## Exercise
Using the data below, restate exactly every line from the one with "Our cozy, modern" up to and including the one with "Aretes de plata". No picture belongs in it.

## Extracted records
┏━━

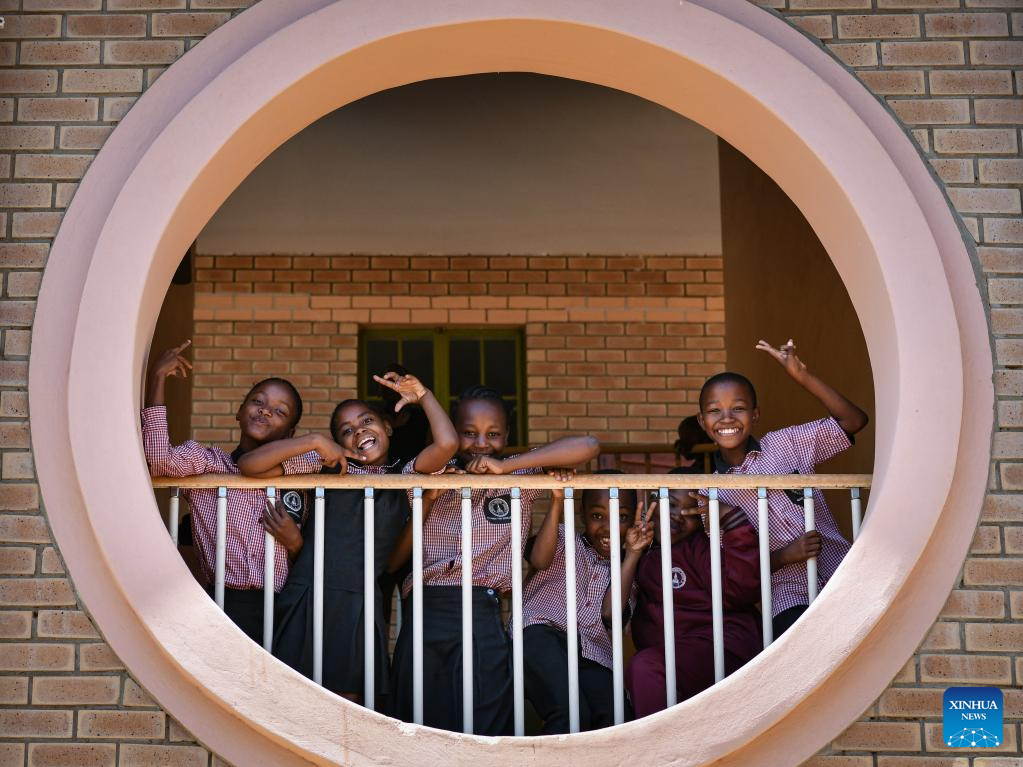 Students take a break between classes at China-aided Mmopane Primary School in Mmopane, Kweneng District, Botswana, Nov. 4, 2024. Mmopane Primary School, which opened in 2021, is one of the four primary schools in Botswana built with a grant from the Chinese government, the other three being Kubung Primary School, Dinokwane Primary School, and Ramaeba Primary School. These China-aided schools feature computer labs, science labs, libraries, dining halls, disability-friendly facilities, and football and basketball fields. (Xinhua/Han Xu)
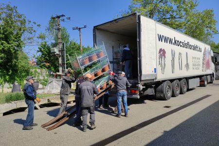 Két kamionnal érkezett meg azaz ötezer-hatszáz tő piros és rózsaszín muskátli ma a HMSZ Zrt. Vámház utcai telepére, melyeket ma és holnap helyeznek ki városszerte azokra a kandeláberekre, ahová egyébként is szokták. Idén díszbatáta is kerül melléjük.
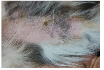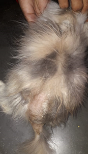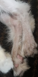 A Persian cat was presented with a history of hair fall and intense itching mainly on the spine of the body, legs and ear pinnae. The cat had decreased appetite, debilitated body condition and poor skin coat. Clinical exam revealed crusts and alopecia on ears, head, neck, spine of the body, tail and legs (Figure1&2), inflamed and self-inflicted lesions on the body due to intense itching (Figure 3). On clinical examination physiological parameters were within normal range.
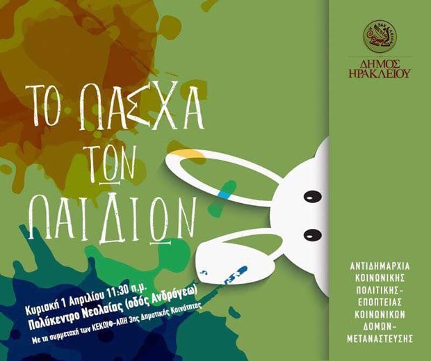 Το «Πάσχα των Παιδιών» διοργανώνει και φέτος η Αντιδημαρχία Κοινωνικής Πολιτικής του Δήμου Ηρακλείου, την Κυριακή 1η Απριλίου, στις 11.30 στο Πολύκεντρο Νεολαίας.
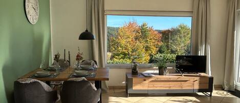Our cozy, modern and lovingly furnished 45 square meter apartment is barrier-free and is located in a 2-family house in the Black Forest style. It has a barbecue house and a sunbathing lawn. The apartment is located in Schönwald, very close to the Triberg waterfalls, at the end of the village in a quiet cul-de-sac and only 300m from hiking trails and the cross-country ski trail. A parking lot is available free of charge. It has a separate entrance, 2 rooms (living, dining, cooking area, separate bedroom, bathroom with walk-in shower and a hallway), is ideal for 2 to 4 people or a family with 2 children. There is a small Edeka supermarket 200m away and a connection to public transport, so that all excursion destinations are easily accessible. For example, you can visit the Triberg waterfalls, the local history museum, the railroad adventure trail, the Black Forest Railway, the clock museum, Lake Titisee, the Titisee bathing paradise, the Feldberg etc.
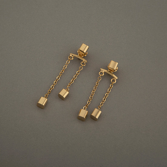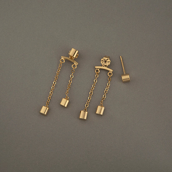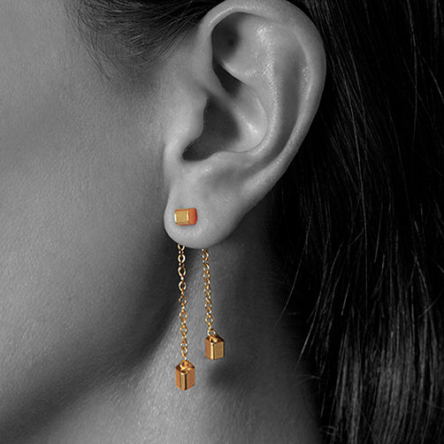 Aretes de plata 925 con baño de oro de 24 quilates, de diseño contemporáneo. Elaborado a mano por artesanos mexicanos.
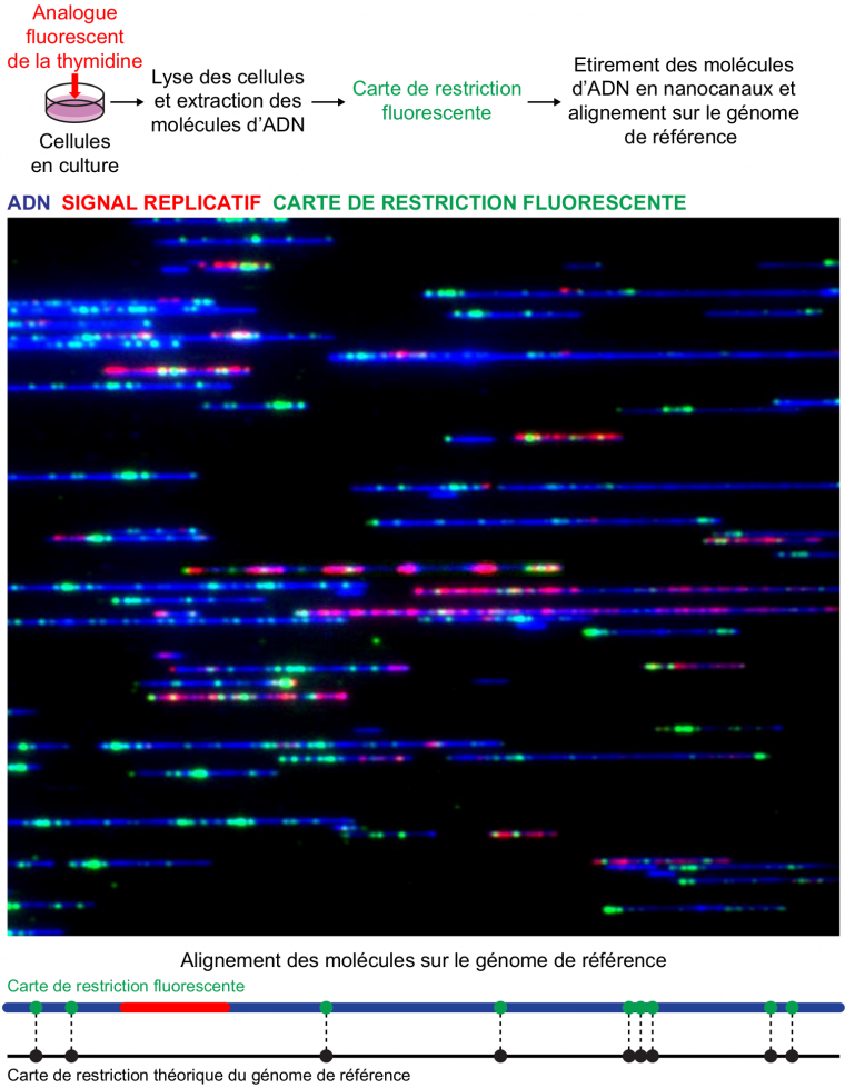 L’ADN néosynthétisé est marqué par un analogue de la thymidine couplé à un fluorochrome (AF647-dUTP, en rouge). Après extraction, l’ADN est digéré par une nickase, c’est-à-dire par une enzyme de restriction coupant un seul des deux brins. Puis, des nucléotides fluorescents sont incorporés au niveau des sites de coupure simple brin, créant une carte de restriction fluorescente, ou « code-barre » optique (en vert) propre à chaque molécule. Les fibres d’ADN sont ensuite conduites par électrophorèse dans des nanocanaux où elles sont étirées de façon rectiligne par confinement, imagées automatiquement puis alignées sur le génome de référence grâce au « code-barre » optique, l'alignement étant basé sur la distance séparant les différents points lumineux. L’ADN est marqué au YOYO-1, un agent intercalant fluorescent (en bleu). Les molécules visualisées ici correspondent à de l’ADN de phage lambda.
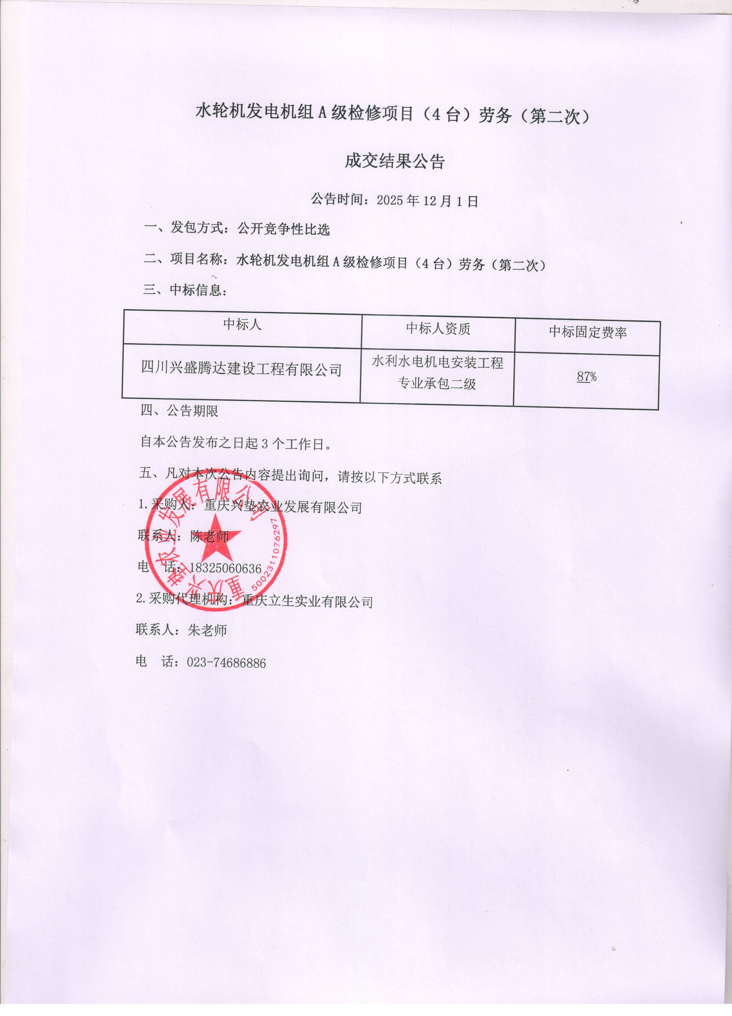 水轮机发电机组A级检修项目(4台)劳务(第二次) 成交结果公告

┗━━

## Output for this task
Our cozy, modern and lovingly furnished 45 square meter apartment is barrier-free and is located in a 2-family house in the Black Forest style. It has a barbecue house and a sunbathing lawn. The apartment is located in Schönwald, very close to the Triberg waterfalls, at the end of the village in a quiet cul-de-sac and only 300m from hiking trails and the cross-country ski trail. A parking lot is available free of charge. It has a separate entrance, 2 rooms (living, dining, cooking area, separate bedroom, bathroom with walk-in shower and a hallway), is ideal for 2 to 4 people or a family with 2 children. There is a small Edeka supermarket 200m away and a connection to public transport, so that all excursion destinations are easily accessible. For example, you can visit the Triberg waterfalls, the local history museum, the railroad adventure trail, the Black Forest Railway, the clock museum, Lake Titisee, the Titisee bathing paradise, the Feldberg etc.
 Aretes de plata 925 con baño de oro de 24 quilates, de diseño contemporáneo. Elaborado a mano por artesanos mexicanos.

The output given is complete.